Tens of thousands of impoverished, unemployed adults were cut off food stamps Friday, the first wave of a social catastrophe that could affect more than one million people this year.
Some 22 states began terminating benefits for “Able-Bodied Adults Without Dependents,” or ABAWDs, in the jargon of the US Department of Agriculture, which administers the federally funded food stamp program, or Supplementary Nutrition Assistance Program (SNAP), as it is formally known.
These adults, aged 18 to 49 years and without children, are generally the poorest section of the working class, earning only 17 percent of the official poverty rate, an average of barely $150-170 per month in income. But they are eligible for only 90 days of food stamp benefits unless they have paid employment or job training for at least 80 hours in a month. The 90-day clock began running January 1, so adults who no longer qualify under this rule began being terminated in state after state April 1.
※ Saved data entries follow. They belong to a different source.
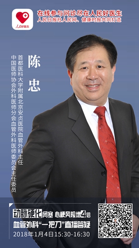 2018年1月4日(周四)下午15:30-16:30,首都醫(yī)科大學(xué)附屬北京安貞醫(yī)院血管外科主任、中國醫(yī)師協(xié)會外科醫(yī)師分會血管外科醫(yī)師委員會主任委員陳忠教授將做客人民日報社人民網(wǎng)、健康時報聯(lián)手打造的“人民好醫(yī)生”客戶端,直播解答各種類型動脈瘤、動脈硬化、動脈狹窄和閉塞等血管疾病相關(guān)問題。
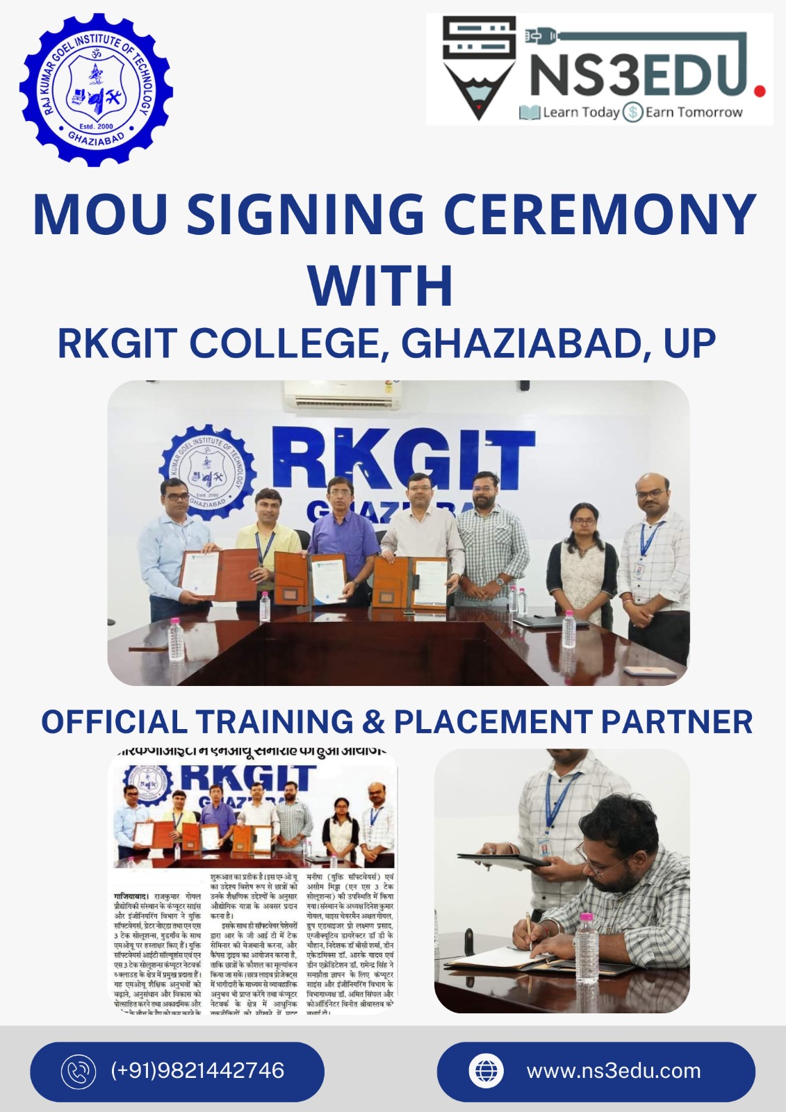 MoU signed between NS3EDU and RKGIT
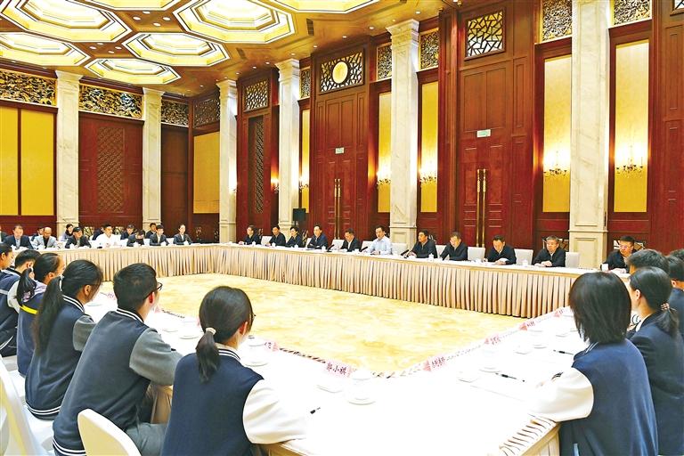 5月10日至11日,西藏自治區(qū)黨政代表團(tuán)赴上海學(xué)習(xí)考察。這是王君正看望西藏班師生、西藏籍高校畢業(yè)生就業(yè)代表,聽取他們在上海學(xué)習(xí)、工作情況。 記者 李洲 攝
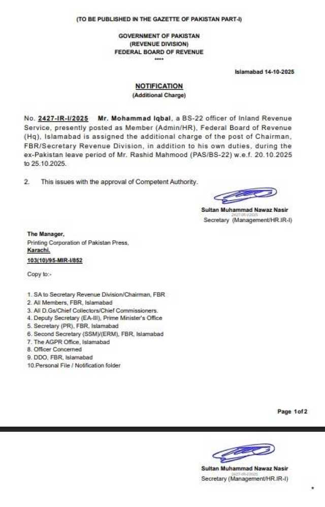 ان لینڈ ریونیو سروس گریڈ 22 کے محمد اقبال ایف بی آر میں ممبر ایڈمن و ایچ آر تعینات ہیں۔ایف بی آر نے نوٹیفکیشن جاری کردیا

The 22 states include Alabama, Alaska, Arizona, Arkansas, Connecticut, Florida, Georgia, Idaho, Kentucky, Maryland, Massachusetts, Mississippi, Missouri, New Jersey, New York, North Carolina, Oregon, Pennsylvania, South Carolina, Tennessee, Washington and West Virginia.
Another 22 states (see map) had already enforced work requirements to cut food stamp benefits for ABAWDs in 2015 or earlier. Those states account for 30 percent of the US population, while the states that are imposing work requirements this year account for another 35 percent.